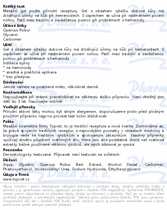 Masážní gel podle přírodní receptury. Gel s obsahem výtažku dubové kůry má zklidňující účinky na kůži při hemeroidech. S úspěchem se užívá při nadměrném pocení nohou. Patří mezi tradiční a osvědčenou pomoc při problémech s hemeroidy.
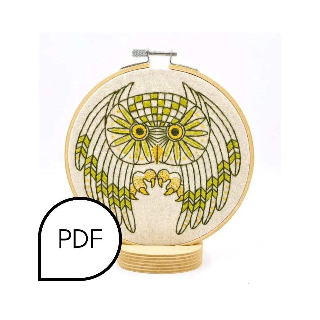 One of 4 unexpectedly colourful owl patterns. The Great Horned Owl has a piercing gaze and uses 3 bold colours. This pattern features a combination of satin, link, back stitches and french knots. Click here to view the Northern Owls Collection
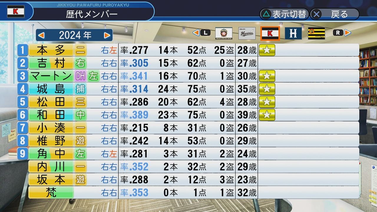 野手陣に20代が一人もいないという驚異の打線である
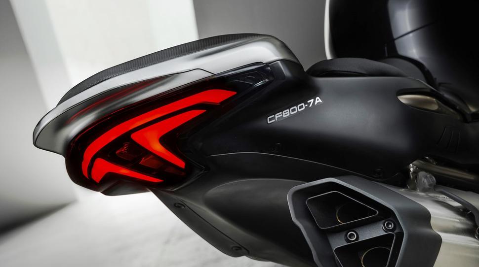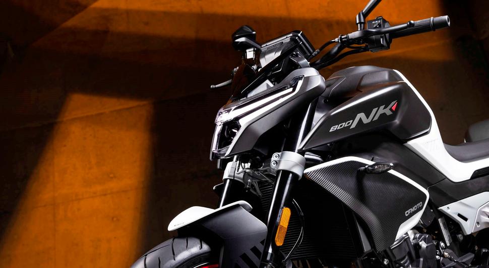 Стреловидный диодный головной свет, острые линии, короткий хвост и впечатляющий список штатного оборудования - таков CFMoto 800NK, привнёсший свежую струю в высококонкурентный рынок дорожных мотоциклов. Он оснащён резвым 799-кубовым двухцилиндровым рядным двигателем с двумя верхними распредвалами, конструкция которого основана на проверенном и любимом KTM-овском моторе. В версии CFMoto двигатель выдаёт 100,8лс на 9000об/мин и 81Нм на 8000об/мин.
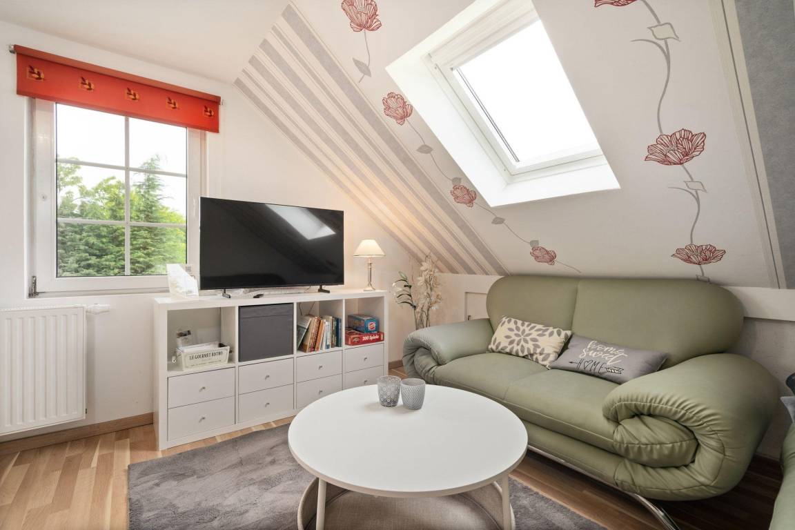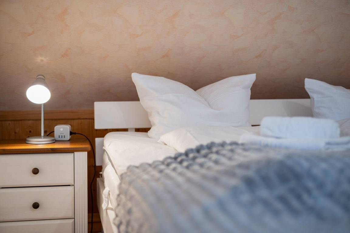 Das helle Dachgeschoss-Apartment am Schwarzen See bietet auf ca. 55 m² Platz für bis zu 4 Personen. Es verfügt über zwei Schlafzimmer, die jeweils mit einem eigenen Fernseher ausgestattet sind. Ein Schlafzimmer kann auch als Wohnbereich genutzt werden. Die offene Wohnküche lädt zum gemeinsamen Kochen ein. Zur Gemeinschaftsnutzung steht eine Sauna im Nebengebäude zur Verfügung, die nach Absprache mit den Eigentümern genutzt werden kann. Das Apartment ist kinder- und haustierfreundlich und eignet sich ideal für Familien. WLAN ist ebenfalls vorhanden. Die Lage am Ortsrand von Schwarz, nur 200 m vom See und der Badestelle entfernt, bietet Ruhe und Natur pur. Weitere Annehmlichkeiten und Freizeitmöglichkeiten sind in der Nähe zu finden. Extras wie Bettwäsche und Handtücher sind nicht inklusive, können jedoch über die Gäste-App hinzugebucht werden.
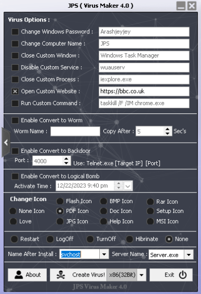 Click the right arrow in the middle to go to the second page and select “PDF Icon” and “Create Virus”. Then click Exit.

**About this exercise**
Everything from the line with "Das helle Dachgeschoss-Apartment" through the last line of the listing should be retyped exactly, with both end lines kept and the pictures left out.

**Result below**
 Das helle Dachgeschoss-Apartment am Schwarzen See bietet auf ca. 55 m² Platz für bis zu 4 Personen. Es verfügt über zwei Schlafzimmer, die jeweils mit einem eigenen Fernseher ausgestattet sind. Ein Schlafzimmer kann auch als Wohnbereich genutzt werden. Die offene Wohnküche lädt zum gemeinsamen Kochen ein. Zur Gemeinschaftsnutzung steht eine Sauna im Nebengebäude zur Verfügung, die nach Absprache mit den Eigentümern genutzt werden kann. Das Apartment ist kinder- und haustierfreundlich und eignet sich ideal für Familien. WLAN ist ebenfalls vorhanden. Die Lage am Ortsrand von Schwarz, nur 200 m vom See und der Badestelle entfernt, bietet Ruhe und Natur pur. Weitere Annehmlichkeiten und Freizeitmöglichkeiten sind in der Nähe zu finden. Extras wie Bettwäsche und Handtücher sind nicht inklusive, können jedoch über die Gäste-App hinzugebucht werden.
 Click the right arrow in the middle to go to the second page and select “PDF Icon” and “Create Virus”. Then click Exit.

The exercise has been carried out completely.